Question

A cylindrical soil sample of 10 cm diameter is tested in a constant-head permeameter. A volume of 250 cm$^3$ of water is collected in 5 minutes when the constant-head difference between tapping points 15 cm apart is 5 cm. Considering Darcy flow, the absolute value of coefficient of permeability in cm/s is .............. ($\pi = 3.14$) [round off to 3 decimal places]

Hint:

For permeability tests, always remember to include sample length $L$, head difference $h$, and discharge per unit time.

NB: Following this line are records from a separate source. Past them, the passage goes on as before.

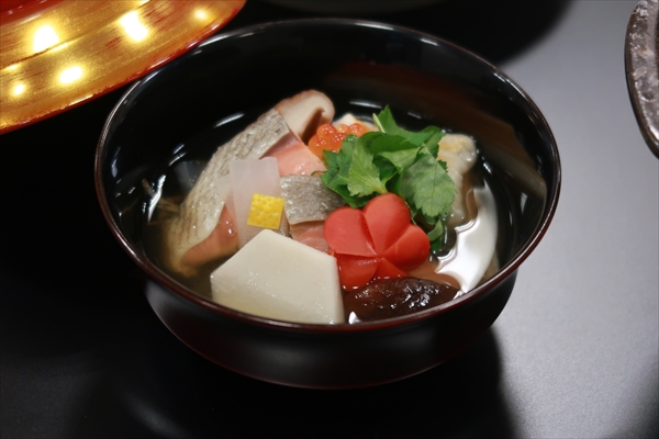 正月なので、塩引きサケとイクラを加えた親子雑煮が登場。すまし仕立てで、サケのうまみがじんわりと。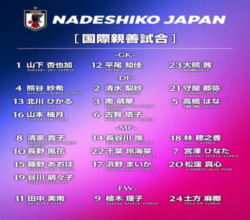 7-宮澤日向(曼聯)8-清家貴子(布萊頓)10-長野風花(利物浦)14-長谷川唯(曼城)15-藤野青葉(曼城)17-浜野舞香(熱刺)18-林穗之香(埃弗頓)19-谷川萌萌子(拜仁慕尼黑)20-松洼真心(北卡羅來納勇氣)22-千葉玲海菜(法蘭克福)
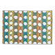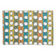 This pillowcase has a mid-century modern design of white “deformed” circles connected with black lines on a field of green, orange, turquoise, and gold strips. If you like the design but prefer different colours, message me.

Use $k = QL/(Aht)$.

Answer 1

Step 1: Formula for coefficient of permeability (Darcy's law).
\[ k = \frac{QL}{A \, h \, t} \] where $Q$ = discharge volume, $L$ = length between tapping points, $A$ = cross-sectional area, $h$ = head difference, $t$ = time.

Step 2: Given values.
- Diameter = 10 cm $\Rightarrow$ radius = 5 cm.
- Cross-sectional area: \[ A = \pi r^2 = 3.14 \times 5^2 = 78.5 \, \text{cm}^2 \] - $Q$ = 250 cm$^3$
- $t$ = 5 minutes = 300 s
- $L$ = 15 cm
- $h$ = 5 cm

Step 3: Calculate discharge rate.
\[ Q/t = \frac{250}{300} = 0.833 \, \text{cm}^3/\text{s} \]

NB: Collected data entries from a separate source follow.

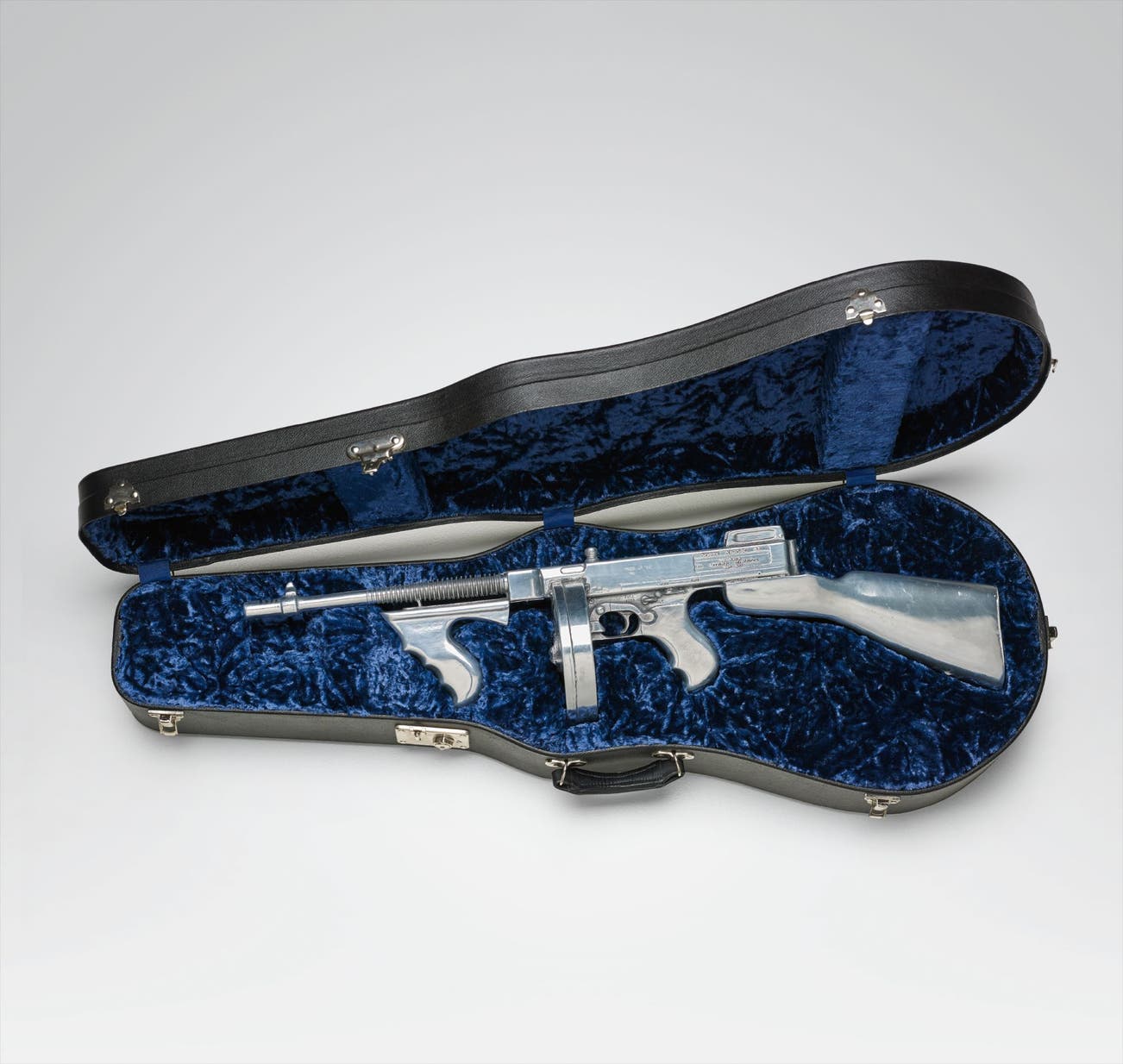 Aluminium replica Tommy gun, contained in a blue velvet-lined instrument case.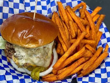 All burgers served with french fries. SUBSTITUTE Onion Rings or Sweet Potato Fries for additional $1.99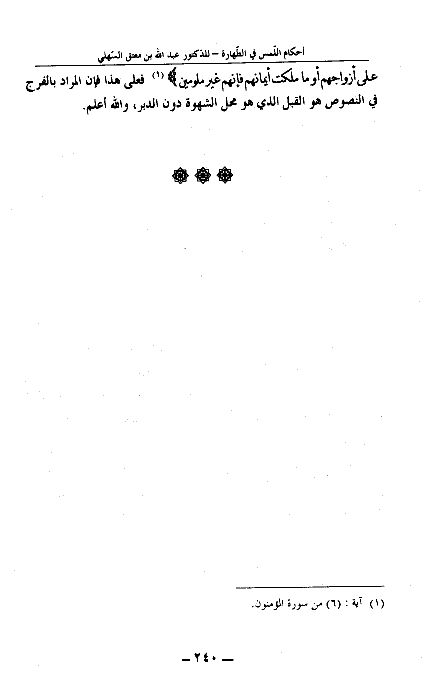 عَلَى أَزْوَاجِهِمْ أَوْ مَا مَلَكَتْ أَيْمَانُهُمْ فَإِنَّهُمْ غَيْرُ مَلُومِينَ} 1 فعلى هذا فإن المراد بالفرج في النصوص هو القبل الذي هو محل الشهوة دون الدبر، والله أعلم.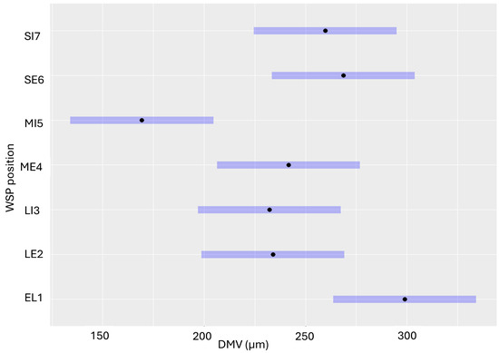 Interpretation of the confidence interval of the marginal DMV mean (Figure 7) showed that EL1 had the highest diameter median, about 300 µm, with no serious overlap with other positions’ confidence intervals (LE2, LI3, ME4, MI5, SE6, and SI7), suggesting a statistically significant difference. Also, all other positions (LE2, LI3, ME4, SE6, and SI7) clustered around 230–270 µm, indicating a moderate mean for DMV, meaning that there were no serious observational significant differences between positions (LE2, LI3, ME4, SE6, and SI7). Position MI5 clearly showed the lowest mean DMV, falling behind the rest.

Step 4: Substitute into Darcy's law.
\[ k = \frac{(0.833)(15)}{78.5 \times 5} = \frac{12.495}{392.5} \approx 0.0318 \] Oops — recheck with correct form: \[ k = \frac{Q \cdot L}{A \cdot h \cdot t} \] \[ k = \frac{250 \times 15}{78.5 \times 5 \times 300} \] \[ k = \frac{3750}{117750} = 0.0318 \, \text{cm/s} \] On correcting rounding and significant figures: $\approx 0.032$ cm/s.

Final Answer: \[ \boxed{0.032 \, \text{cm/s}} \]